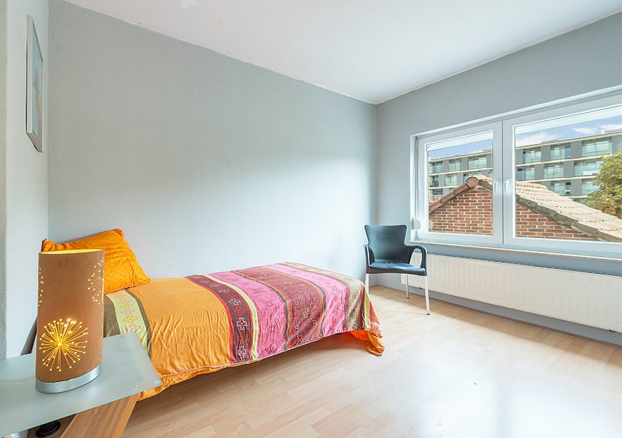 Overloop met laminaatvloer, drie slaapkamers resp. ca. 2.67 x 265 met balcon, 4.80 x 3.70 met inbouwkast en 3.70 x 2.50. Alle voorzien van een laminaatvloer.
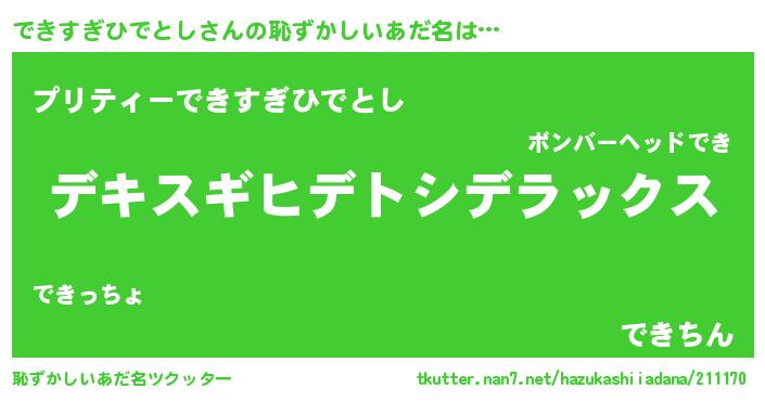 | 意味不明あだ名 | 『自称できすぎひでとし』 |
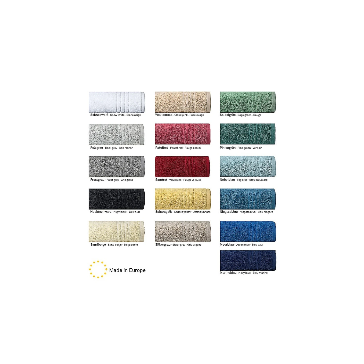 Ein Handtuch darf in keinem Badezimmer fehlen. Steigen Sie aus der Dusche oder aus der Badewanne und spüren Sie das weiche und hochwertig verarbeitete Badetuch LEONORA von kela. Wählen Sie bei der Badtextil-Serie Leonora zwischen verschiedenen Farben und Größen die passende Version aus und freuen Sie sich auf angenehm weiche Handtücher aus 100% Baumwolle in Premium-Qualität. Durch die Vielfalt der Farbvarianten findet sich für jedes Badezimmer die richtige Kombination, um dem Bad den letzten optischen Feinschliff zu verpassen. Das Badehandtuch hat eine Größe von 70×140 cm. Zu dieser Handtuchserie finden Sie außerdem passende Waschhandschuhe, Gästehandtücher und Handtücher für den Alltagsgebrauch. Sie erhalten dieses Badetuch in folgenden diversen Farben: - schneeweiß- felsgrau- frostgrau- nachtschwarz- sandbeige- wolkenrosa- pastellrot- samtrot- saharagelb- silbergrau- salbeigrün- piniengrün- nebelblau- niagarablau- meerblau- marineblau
....................
§ **Exercise goal**
Copy the whole of the material above exactly, and exclude every picture.

§ **Response for this exercise**
 Overloop met laminaatvloer, drie slaapkamers resp. ca. 2.67 x 265 met balcon, 4.80 x 3.70 met inbouwkast en 3.70 x 2.50. Alle voorzien van een laminaatvloer.
 | 意味不明あだ名 | 『自称できすぎひでとし』 |
 Ein Handtuch darf in keinem Badezimmer fehlen. Steigen Sie aus der Dusche oder aus der Badewanne und spüren Sie das weiche und hochwertig verarbeitete Badetuch LEONORA von kela. Wählen Sie bei der Badtextil-Serie Leonora zwischen verschiedenen Farben und Größen die passende Version aus und freuen Sie sich auf angenehm weiche Handtücher aus 100% Baumwolle in Premium-Qualität. Durch die Vielfalt der Farbvarianten findet sich für jedes Badezimmer die richtige Kombination, um dem Bad den letzten optischen Feinschliff zu verpassen. Das Badehandtuch hat eine Größe von 70×140 cm. Zu dieser Handtuchserie finden Sie außerdem passende Waschhandschuhe, Gästehandtücher und Handtücher für den Alltagsgebrauch. Sie erhalten dieses Badetuch in folgenden diversen Farben: - schneeweiß- felsgrau- frostgrau- nachtschwarz- sandbeige- wolkenrosa- pastellrot- samtrot- saharagelb- silbergrau- salbeigrün- piniengrün- nebelblau- niagarablau- meerblau- marineblau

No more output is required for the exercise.